It can be easy to say that words are just words. Once you’ve said them, it’s like they evaporate into thin air and leave no real impact on the world. This way of thinking, however, is in fact far from the truth. Once you’ve said it, there’s no taking it back. Maybe you’ll feel bad or apologize, but those words have been spoken.
It’s the same for body language; your motions and facial expressions aren’t just random actions that don’t matter. They are powerful, strong and enduring. They have the power to lift someone up and make her feel special. They can also knock someone down and hurt her deeply.
Let’s see how this applies in a few different situations:
HOW ARE YOU?
Let’s say someone asks you, “How are you?”
If you answer, “Absolutely amazing!” with a big smile on your face that adds a sparkle to your eye, how does that make you feel? How does it make you feel about the type of day you are having? What impact could you be having on the other person’s day?
Let’s say you answer, “Terrible!” with a big scowl on your face and a sigh.
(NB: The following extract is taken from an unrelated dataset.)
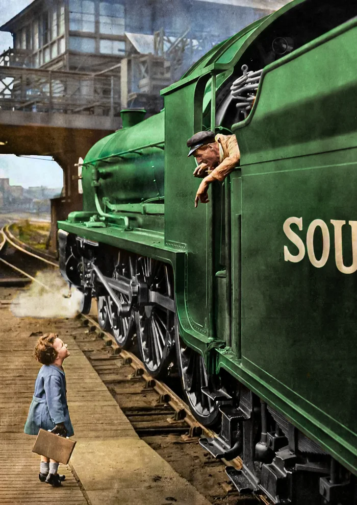 Маленький мальчик с крохотным чемоданчиком разговаривает с машинистом большого локомотива Southern Railway, перед его отъездом в Брайтон. Лондон, 1924 год.

What type of message are you sending yourself about the type of day you are experiencing? What emotions are you sending both throughout your body and into the world?
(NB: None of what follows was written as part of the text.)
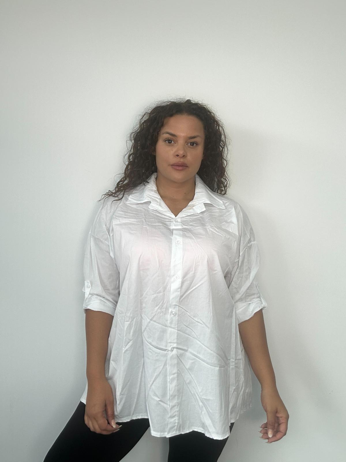 Refresh your wholesale collection with this Plus Size Curve White Button Down Shirt, a timeless wardrobe essential. Designed in a relaxed longline fit with roll-up sleeves, this versatile shirt offers effortless style and comfort. Perfect for layering over leggings, jeans, or even as a lightweight cover-up, it’s a must-have staple piece for everyday and smart-casual looks.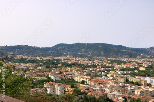 Landscape of Sorrento, Naples, Italy, West Europe. View of village on the shore cliff. Mediterranean Sea.

Let’s say you answer like this most of the time. How does it leave you feeling? What about the people with whom you are speaking?
YOU ARE …
Let’s say you tell someone over and over that she is wonderful, amazing, smart and beautiful – and you don’t just say it. Your eyes sparkle with each word. Your heartfelt smile lets her know how much you care and mean what you are saying. How would she feel? How would YOU feel?
Let’s say you tell someone over and over that she is hopeless, stupid and ugly. Your eyes penetrate right to her core with their anger. Your sharp tone makes her feel small and insignificant.
Just words? Hardly!
Just a little facial expression or just your tone of voice, no harm done? Maybe it’s time to think again.
Pay attention to the words you use and your body language.
What messages are you sending yourself with your words, facial expressions and movements?
What messages are you sending others?
How would you like to change that, starting right now?